THE Tucum Brazil completed eight years of experience in August with the purpose of to weave strong and resistant networks between indigenous peoples and Brazilian society.
“There are over 300 people who have re-existed, for 521 years, with their ancestral knowledge and traditions, taking care of our home and providing immeasurable environmental services. With each new order we receive, we are invaded by the force that these arts carry. It is this strength that inspires and motivates us to continue in the resistance”, assesses Amanda Santana, partner and creative director at Tucum.
A member of Origens Brasil® – a network that works for the conservation of the Amazon, formed by indigenous peoples, traditional populations, support institutions and several other companies engaged in generating value for the standing forest and for the people who live in it -, Tucum is highlights by direct, ethical and transparent relationship with the peoples of the territories of Rio Negro, Xingu and Solimões.
The company informs that it contributed, in 2020, to the maintenance of 15,245,824 hectares of standing forest in the Amazon. It also worked in seven protected areas, contributing to the conservation of 14,077,541 hectares of forest.
“We are grateful to each indigenous artist who did us the honor of exhibiting their works at the our marketplace platform, and to all who join us in valuing the indigenous arts of Brazil. More than just commercializing products, we want to connect people with the rich diversity of narratives, making them also allies of indigenous struggle and re-existence,” says Amanda.

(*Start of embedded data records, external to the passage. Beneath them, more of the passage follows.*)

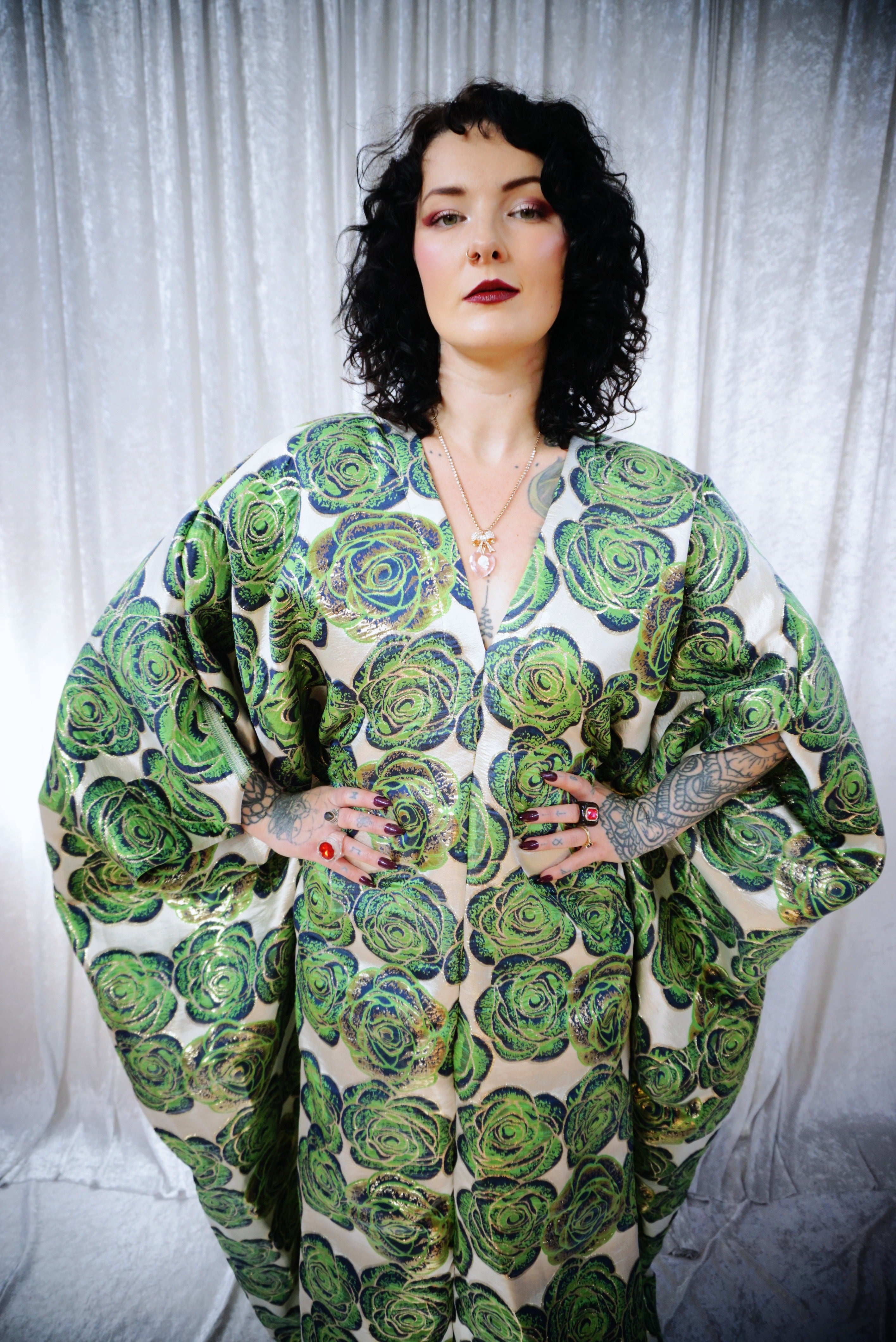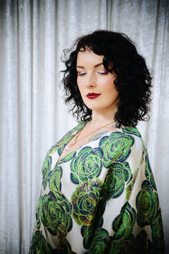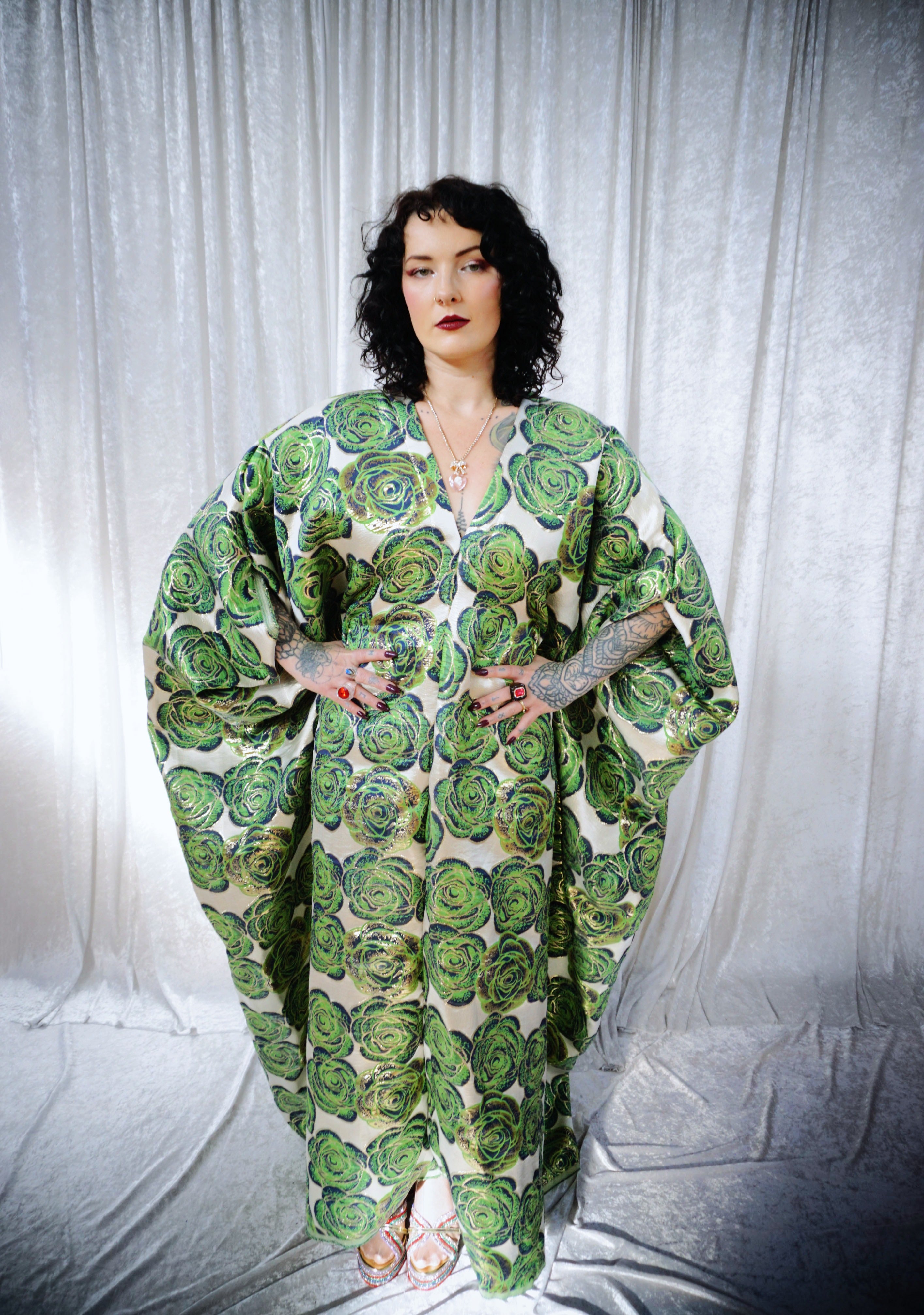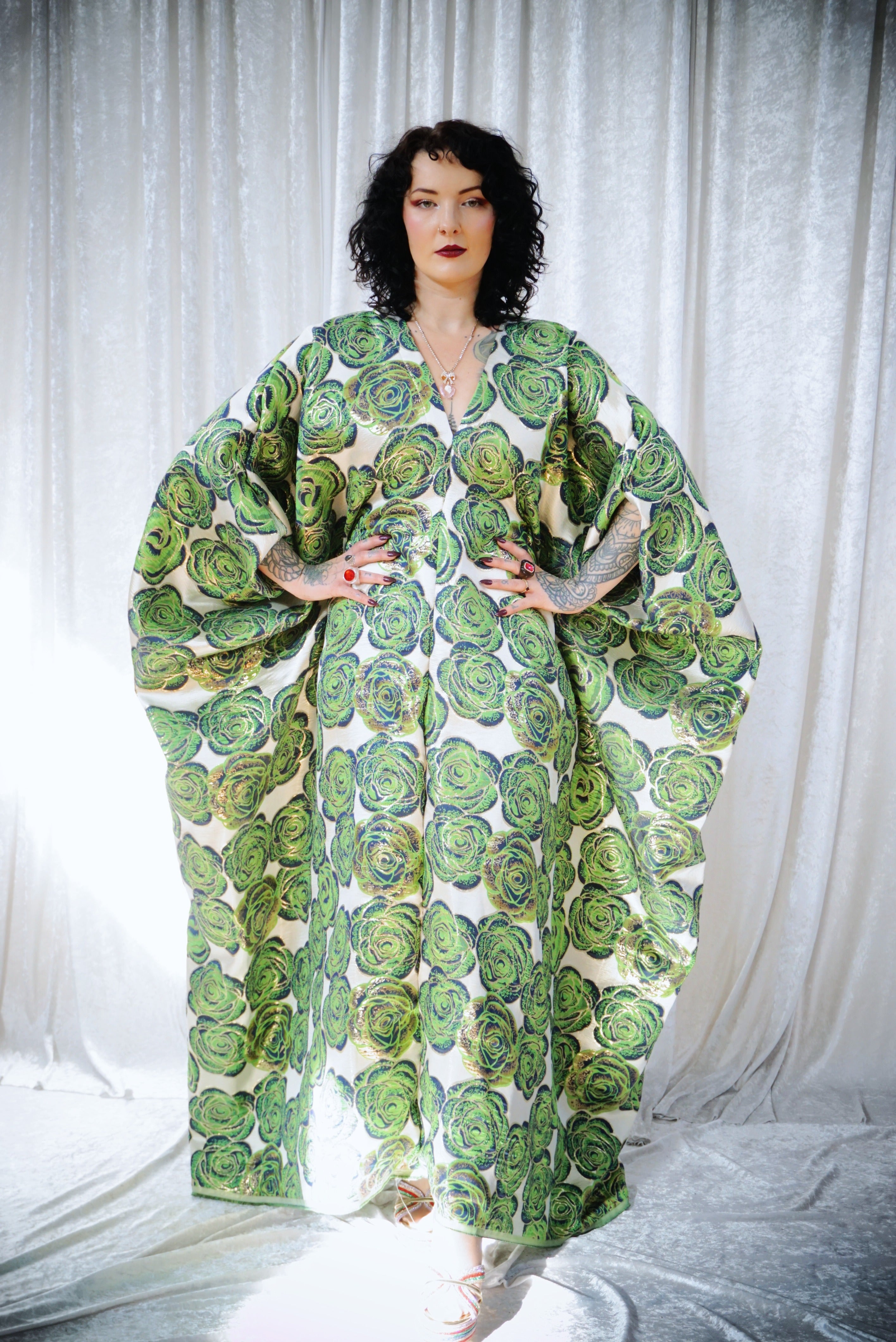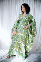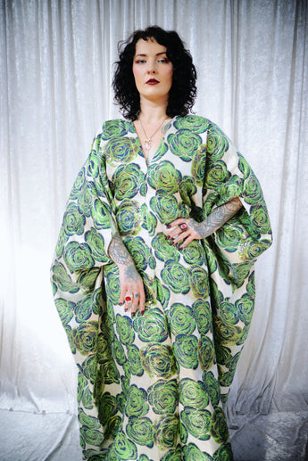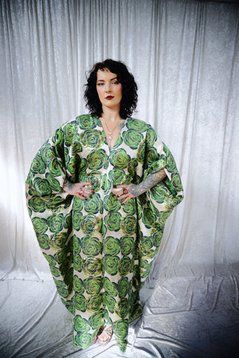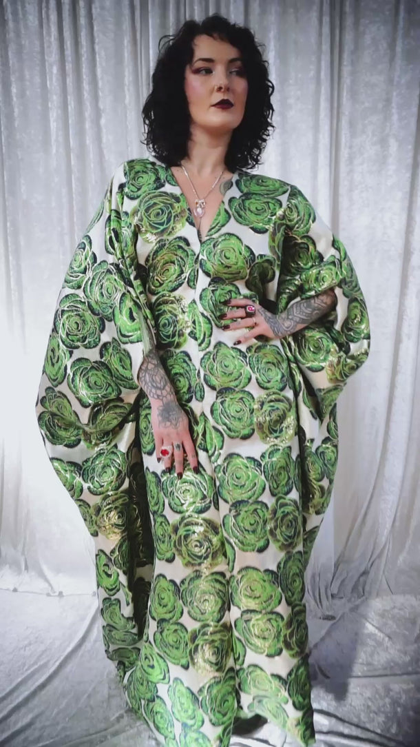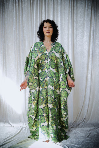 This striking full-length Poison Garden v-neck kaftan gown features green roses with metallic gold print on a lightweight brocade fabric. Available in a range of colourways.
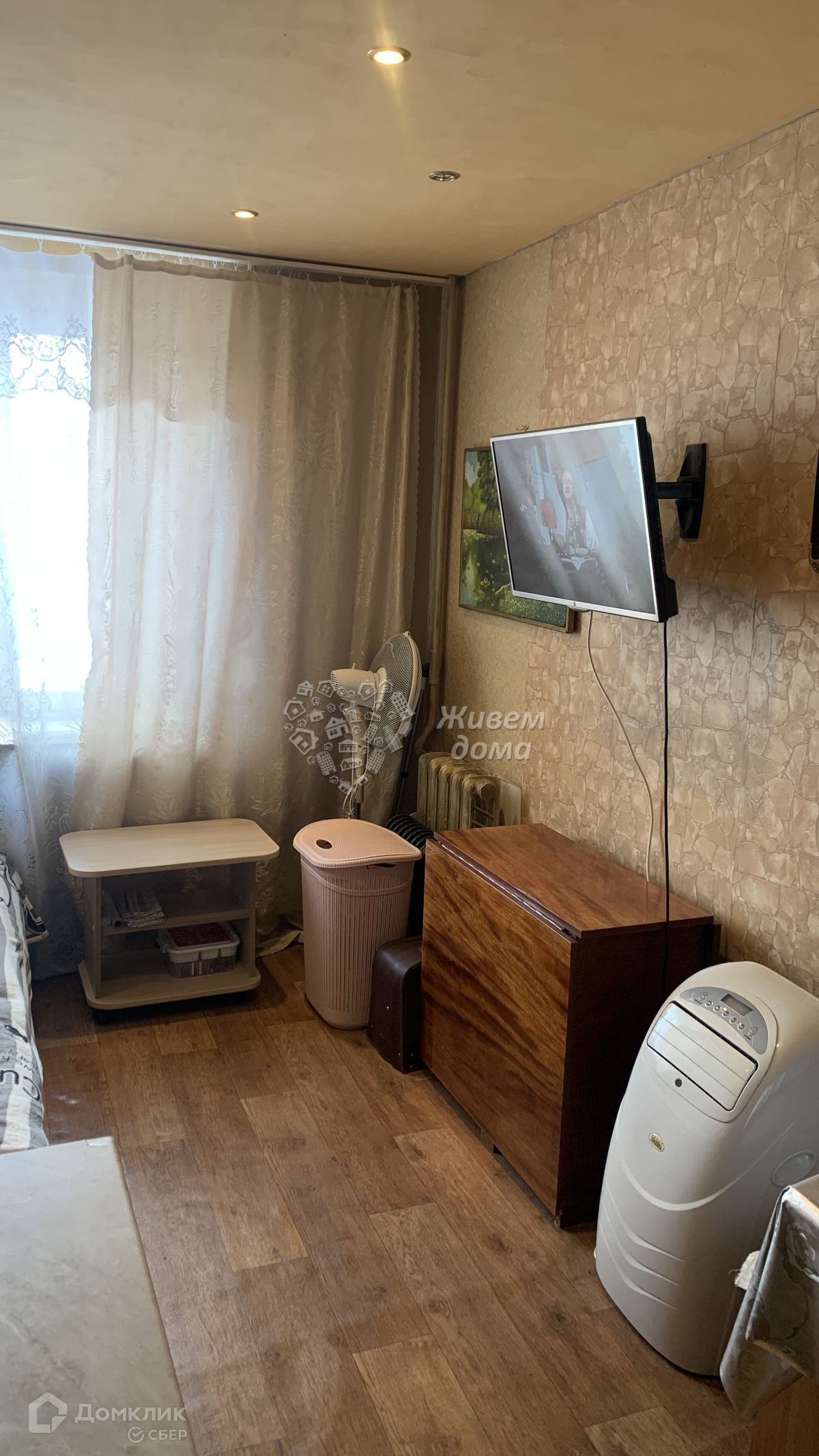 На полу залита бетонная стяжка, постелен линолеум. Комната поделена на 3 зоны, входная зона, кухонная зона с кухонный фартуком и  с кухонным гарнитуром и гостиная. Напольный кондиционер и кухонный гарнитур можем оставить по договоренности.
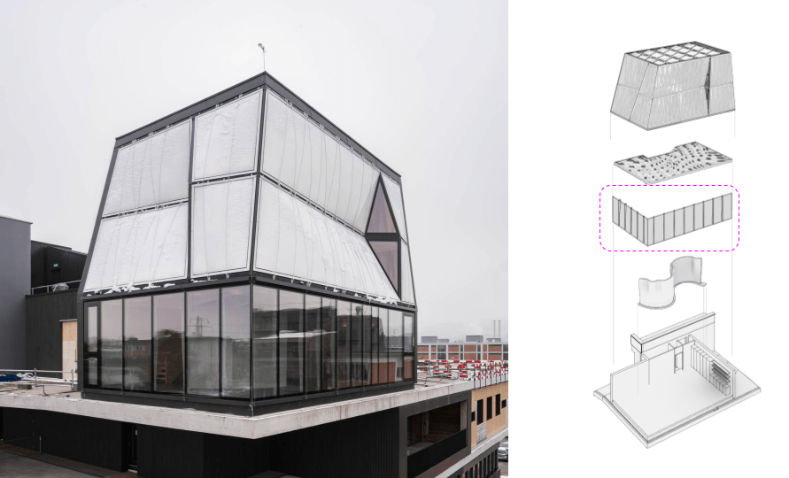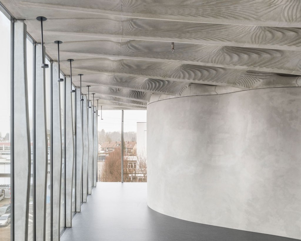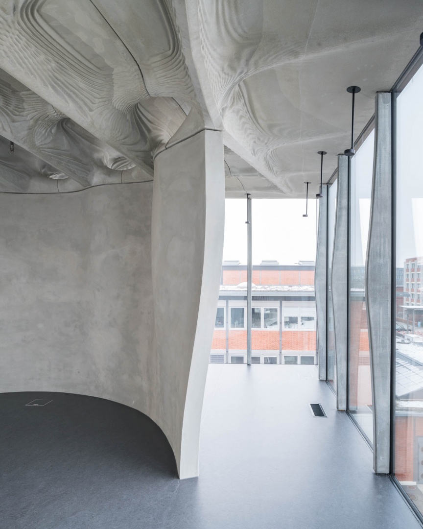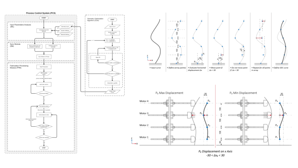 Smart Dynamic Casting (link) is a robotic fabricaiton process originally developed by Dr. Ena Lloret-Fritschi. This method utilizes the slipforming construction technique for the fabrication of bespoke concrete elements by implementing an adaptive formwork system and a sophisticated approach to the use of admixtures in concrete processing. The potential of SDC in producing 1:1 architectural structures is demonstrated in its first architectural application for the production of interior façade mullions of the DFAB HOUSE by the NCCR Digital Fabrication. This project that highlights the potential of digital and robotic fabrication technologies and it links it to the exploration of new possibilities in architectures.

Tucum also participates in the Trillion Trees: Amazon Bioeconomy Challenge, a challenge that seeks innovative bioeconomy projects and solutions that contribute to the conservation, preservation or restoration of biodiversity and forest ecosystem functions, are locally anchored and inclusive and bring social and economic benefits to local communities. The challenge is promoted by World Economic Forum seeking to accelerate nature-based solutions in support of the United Nations Decade for Ecosystem Restoration (2021-2030).